HEC-DSS File and HEC-DSSVue – Time Series and Paired Data

HEC-DSS File and HEC-DSSVue – Time Series and Paired Data

HEC-DSS, USACE Hydrologic Engineering Center Data Storage System, is a type of database system to store data primarily for hydrologic and hydraulic modeling (*.dss file). HEC-DSSVue is a tool to view, edit, and visualize a HEC-DSS file. Unlike other commercial or open source databases, HEC-DSS is not a relational database: HEC-DSS uses blocks (records) to store data within a HEC-DSS file and each HEC-DSS file can have numerous blocks (records), for example, 1. time series data of river flow rate from 27 December 2005, 12:00 to 29 December 2005, 08:30 is a record (Figure 1), or 2. a paired data to define a river’s storage-flow relationship is also a record (Figure 2). Gridded data can also be stored in a HEC-DSS file which is covered by another post.

Figure 1
Figure 2

A record in HEC-DSS (download the sample dss file here) is identified or indexed by a “pathname” and a list of all the pathnames in a HEC-DSS is a catalog (Figure 3). A pathname consists of six parts which are separated by a slash “/”. A typical pathname looks like: /A/B/C/D/E/F/ and some parts can be null: ///C/D/E//.

Figure 3

Pathnames for different types of data have different naming conventions.

  • Time Series Data (regular only, irregular time series is not covered by this post): Four types of time series data primarily for H&H modeling purpose in HEC-DSS are summarized in Table 1.
Table 1

The six parts of a time series data pathname are explained below:

  1. Part A of time series – group: can be a watershed name, project name, a river or basin name, or null;
  2. Part B of time series – location: basic location identifier, such as a USGS gage ID, a junction ID, an outlet name, or null;
  3. Part C of time series – data parameter: such as FLOW, ELEV, PRECIP-INC, STAGE, STORAGE, normally can not be null;
  4. Part D of time series – identifier for a time series start date, for example, 01JAN2005, normally can not be null;
  5. Part E of time series – identifier for time interval, for example, 15MIN, normally can not be null;
  6. Part F of time series – descriptor: any additional information can be typed in, can be null.

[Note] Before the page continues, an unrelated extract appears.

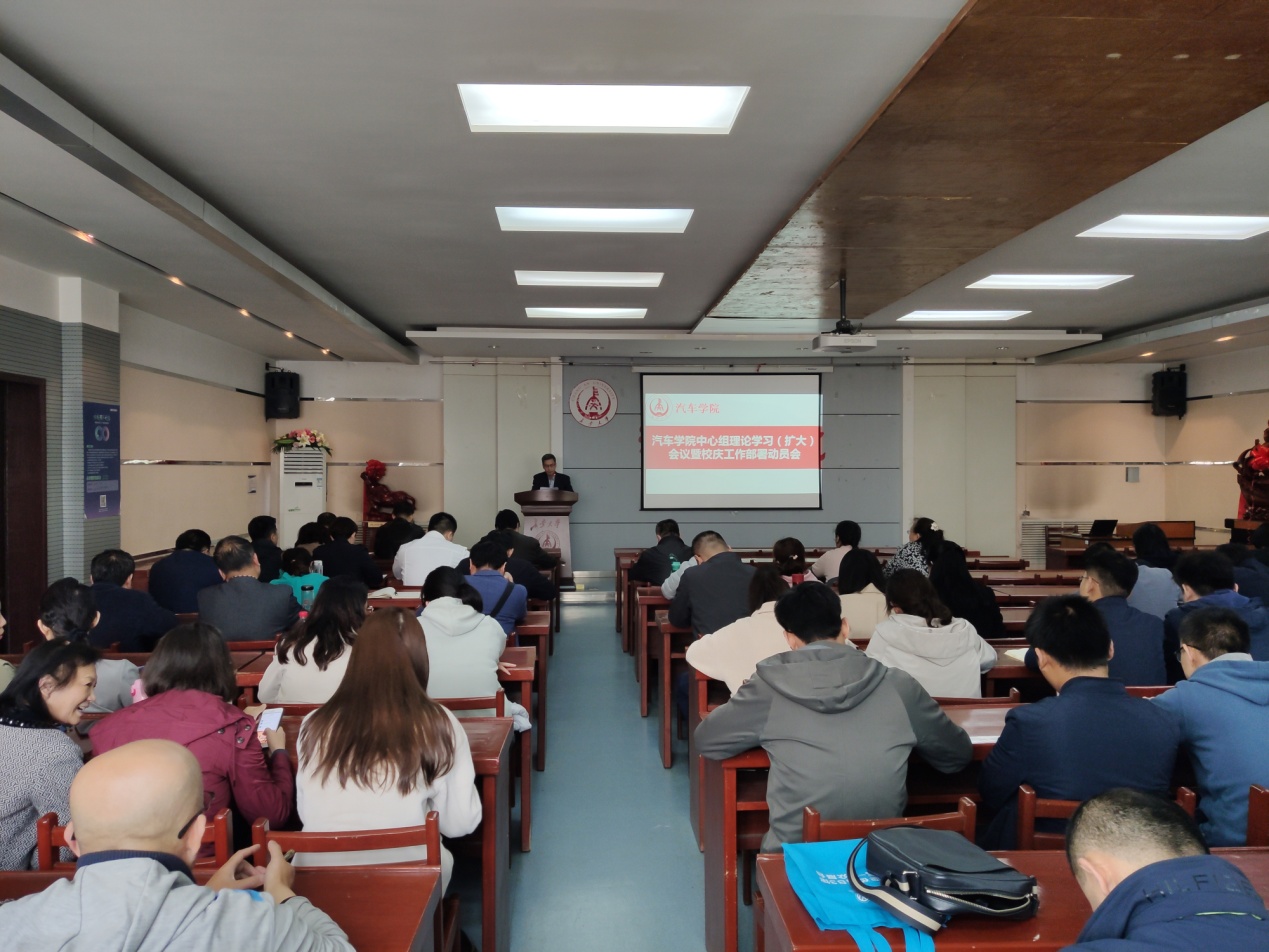 秦希军书记首先向全体教职工传达了4月10日学校校庆动员大会的会议精神,并从学院校庆工作主题、宣传、筹备、校友邀请和会议安排等几个方面对近期的工作向全体教职工做以说明安排,他讲到校庆时学院近期最重要的工作,希望学院全体职工齐心协力,积极参与,共同用主人翁的心态共同办好这次盛会。

Regular time series data is stored in “standard size” blocks whose length depends upon the time interval of the data. For example, monthly time interval data are stored in blocks of one decade (120 values/block), 15-min, hourly, or daily time interval data are stored in blocks of one month, and 5 sec, 10sec, 5 min or 10 min time interval values are stored in blocks of one day. The starting and ending times of a block correspond to standard calendar conventions. For example, for period average monthly flow data in the 2010’s, Part D of the pathname would be 01JAN2010, regardless of when the first valid data occurred (e.g., it could start in March 2015). For Record Number 1 in Figure 1, even though the first valid data is at 12:00 on 27 Dec 2005 (Figure 4), the Part D of its pathname is still 01DEC2005 since a 15-min interval time series data is stored in blocks of one month and the Part D starts with the first day of the month.

Figure 4

For time series data, its pathname can be condensed by switching to “Condensed Catalog” view of pathnames (Figure 5). Part D of the condensed pathname will change to time range of the entire data set for the time series.

Figure 5
  • Paired Data is a group of data to represent the relationship of two variable (x-y) or more variable (such as x-y1, y2,…). A paired data pathname also consists of six parts but they have different meanings from that of time series data.
  1. Part A of paired data – group: can be a watershed or basin name, project name, a city, county, or state name, or null;
  2. Part B of paired data – location: basic location identifier, such as a station or gage ID, a junction ID, a reservoir or river name, or null;
  3. Part C of paired data – data parameter with two names separated by a hyphen: such as ELEV-FLOW, STORAGE-FLOW, ELEV-STORAGE, and ELEV-AREA, normally can not be null. The first part is independent variable and the second part is dependent variable;
  4. Part D of paired data – descriptor to provide further descriptions of the data, usually is null for paired data;
  5. Part E of paired data – identifier for time: only used if the paired data is representative of a specific point in time usually is null;
  6. Part F of paired data – labeling descriptor: sometimes used as part of a label of paired data.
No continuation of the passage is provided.